With a term like data science we may be guilty of unconsciously setting unrealistically high expectations.
In the common vernacular the tone of the word "science" is that of certainty. However, to a true scientist nothing could be further from the truth.
Science talks about theories and continual testing of those. Theories are living, breathing things and evolve with no static certainty, only consensus about what is broadly accepted currently.
Refining measurement systems and techniques gathers more data that helps adjust these theories but they are never really proved, just not yet disproved.
The notion is that of incrementalism. Scientific progress, even a so called revolution, happens on a much longer time scale than business cycles.
So in order to be true data scientists we need to reset our expectation of finding paradigm shifting insights to instead look for more realistic uses for our analytics.
What do we do not what did we do
For example, it is very rare that your brand new data analytics pipeline will come up with something that you didn't already know at some level. But confirming what you already suspected doesn't mean that it's wasted.
You don't need some unexpected result or startling correlation to justify your investment in analytics. Having a refined, data-supported view of something that you may have already known at an intuitive level will pay dividends just on its own.
It's less about insights in results than insights in actions: what does your analytics tell you about what to do next?
In the case of confirming something you already knew the next action to take is not necessarily a final decision but could be an experiment. Trying different input parameters to see how outcomes change.
Science makes progress via deliberate experimentation and data science should be no different.

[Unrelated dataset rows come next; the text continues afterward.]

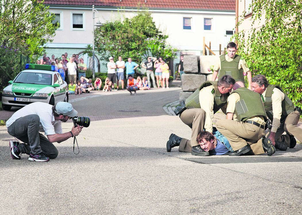 Bei den Dreharbeiten: Harry Wörz (Rüdiger Klink) wird auf offener Straße festgenommen. FOTO: SWR/TEAM WORX/GRISCHA SCHMITZ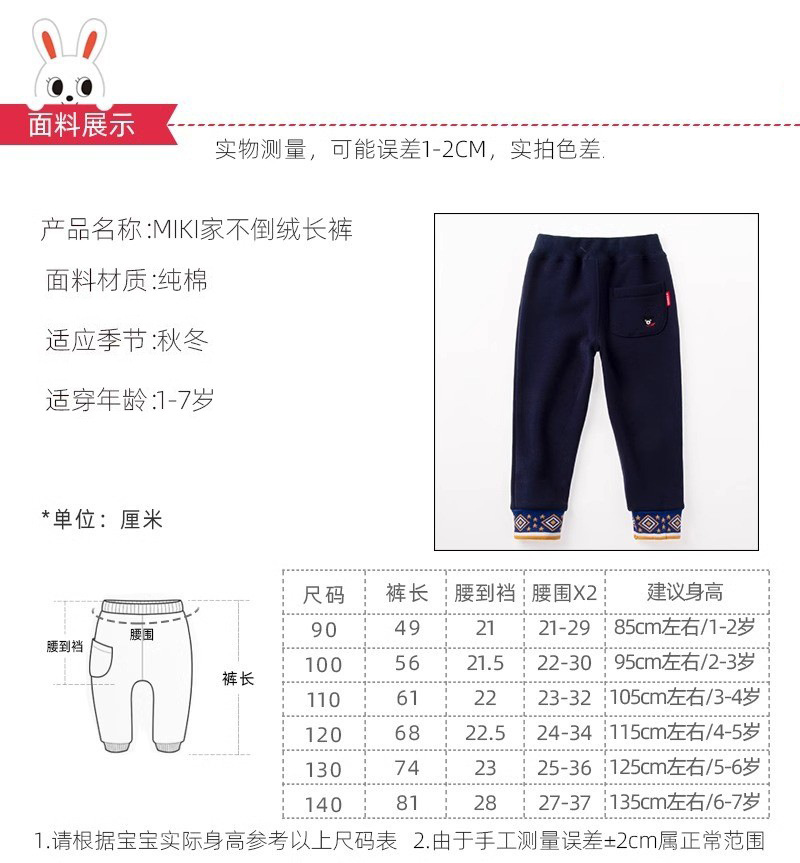 수출 기모 가을과 겨울 새로운 소년 소녀 따뜻한 바지 반전 캐주얼 스포츠 바지 바지 90-140cm스토어 가기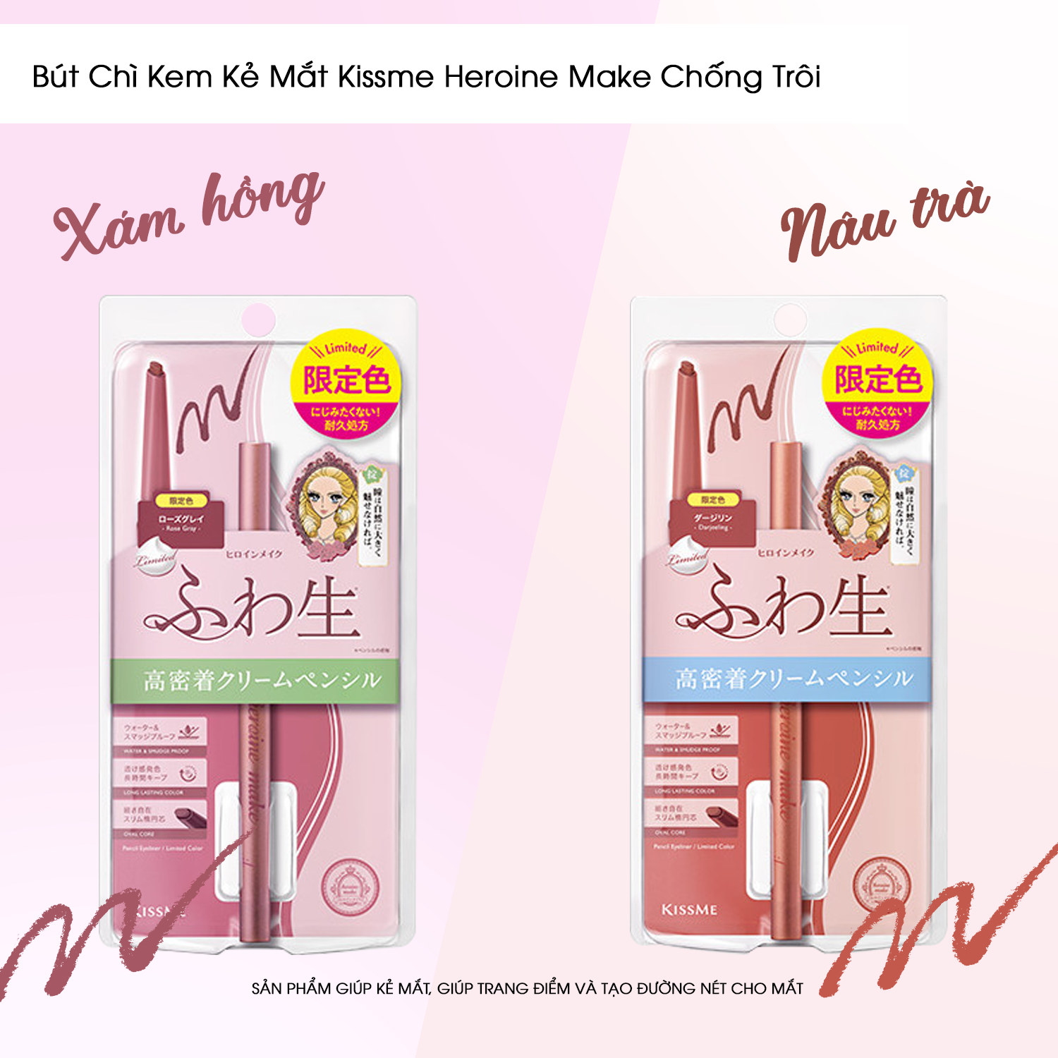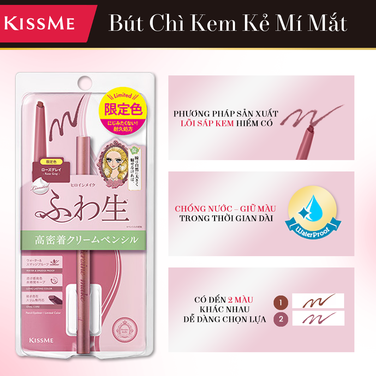 ✨Bút Chì Kem Kẻ Mắt Chống Trôi Màu Xám Hồng Kissme Heroine Make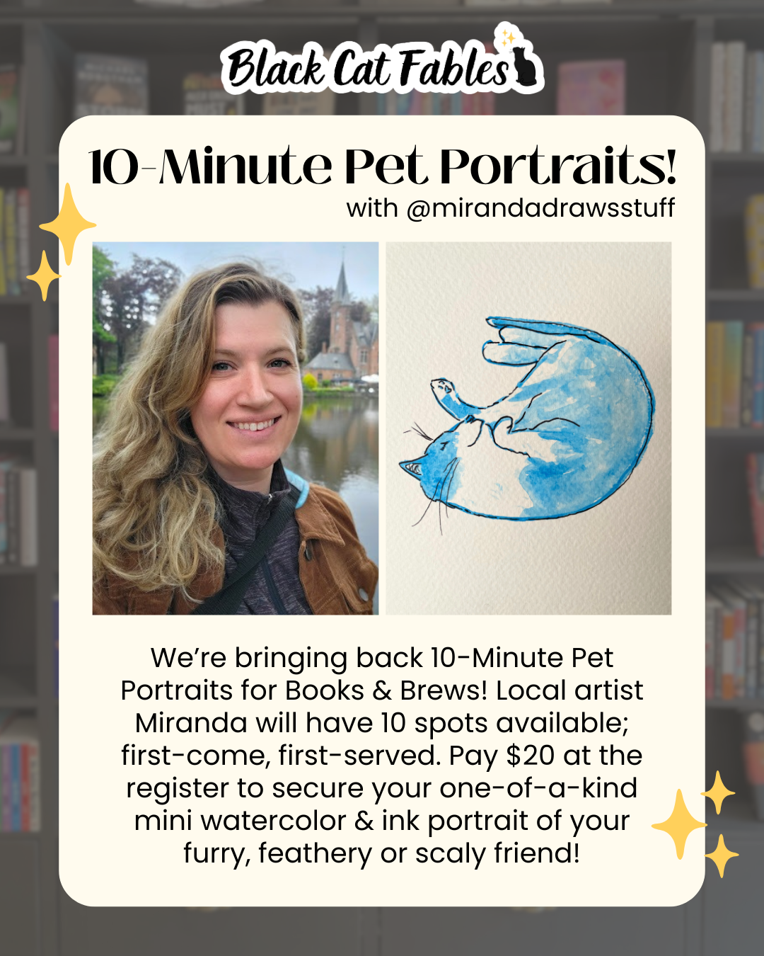 Miranda of Miranda Draws Stuff will also be here to do 10-minute pet portraits! Miranda only has 10 spaces available and portraits are first-come, first-served.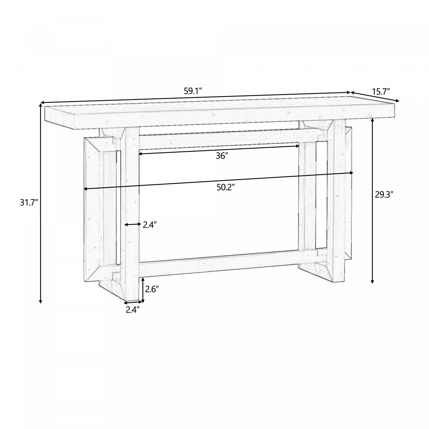 Ethan 59.1'' Triple Rectangle Design Painted Entryway Table with Pine Wood Legs,White Sofa Table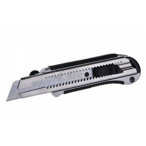 Profesionální odlamovací nůž, přesné zpracování - kvalitní materiály a ergonomie, odolný a přesný posuv s automatickou aretací, pojistná šroubková aretace, šířka čepele 25mm, baleno na blistru.

Being data supported gives you the levers to make this systematic. Your analytics is your experimental data gathering tool not just your monitoring tool.
You could have come to the same conclusion based on your experience and judgement but it is much harder to run a "what if" scenario if you cannot isolate the test activities.

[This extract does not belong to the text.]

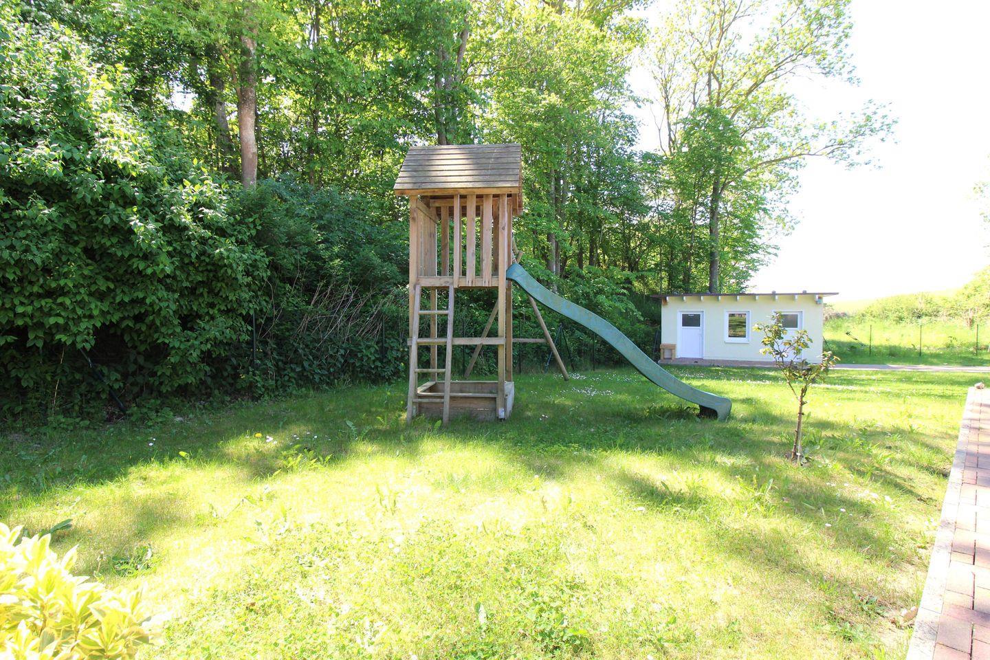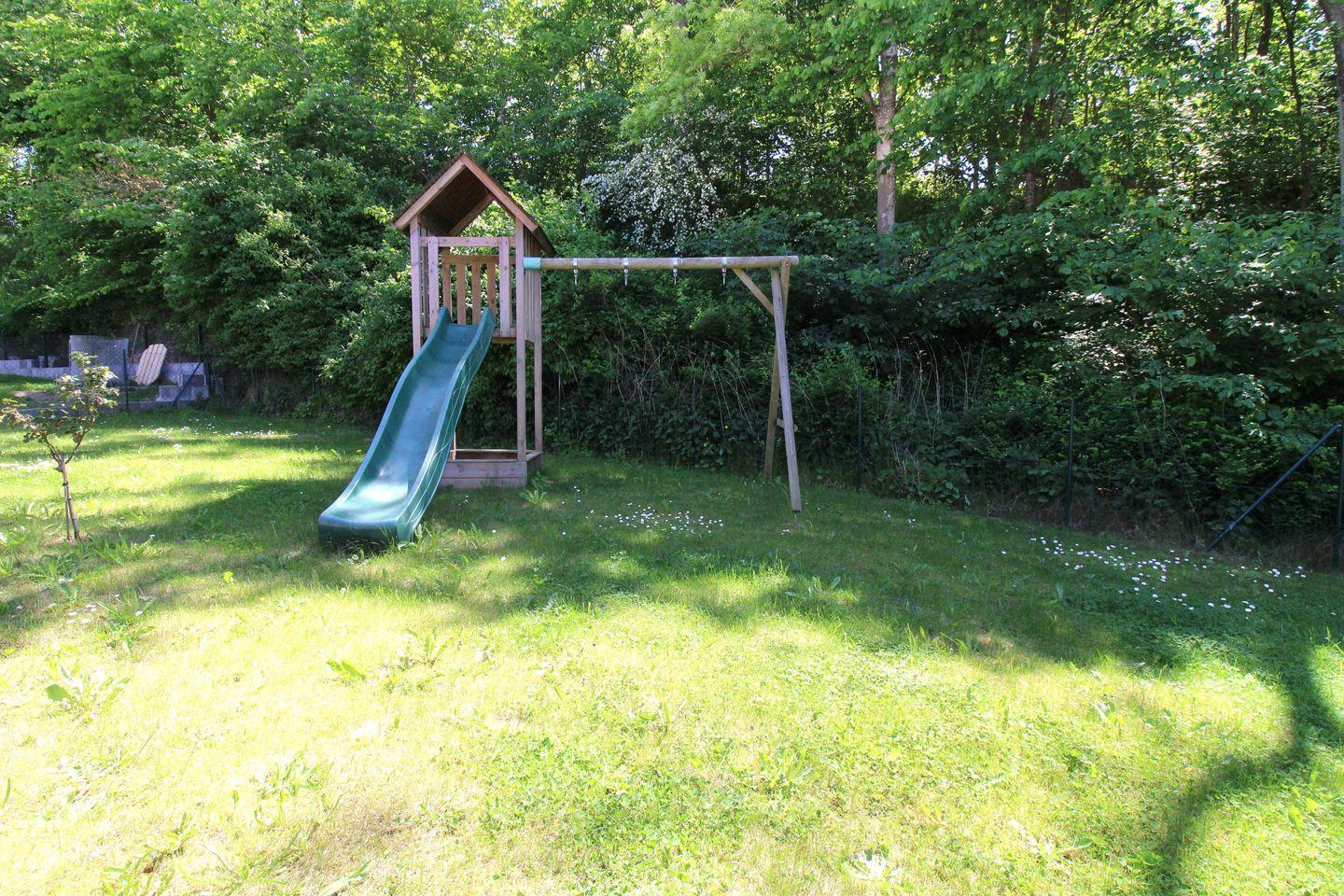 Kindern steht im Garten ein Spiel- und Klettergerüst mit Rutsche und Schaukeln zur Verfügung – hier können diese ihrem Spieltrieb im Urlaub freien Lauf lassen und nach Herzenslust toben!

Your data doesn't have to be complete in order for you to be able to experiment, you don't even necessarily have to understand the process by which your inputs effect your outputs.
But by having specific input data you can vary in one group vs leaving it alone in a control group and being able to measure specific data in your outcomes, you can discover how to improve those outcomes even if you don't quite understand the processes in between.
The focus should be on what action should be taken.
A rigorous analysis indicating that something that you can't really control in your organization has a big effect on outcomes may not be as useful as a more loosely correlated parameter that you can change.
The former may be something to consider in the design of the next iteration of your process/system but the latter is how you can start seeing immediate benefits.
The return on your investment doesn't have to be dramatic to be meaningful over time. Even leaving aside your ultimate desired outcome, small wins lead to bigger wins, which leads to more credibility, the true currency of influence.
Data science is a science and as such we should temper our excitement in its potential with rigor in its execution. Conclusions without decisions are nearly has bad as decisions unsupported by data.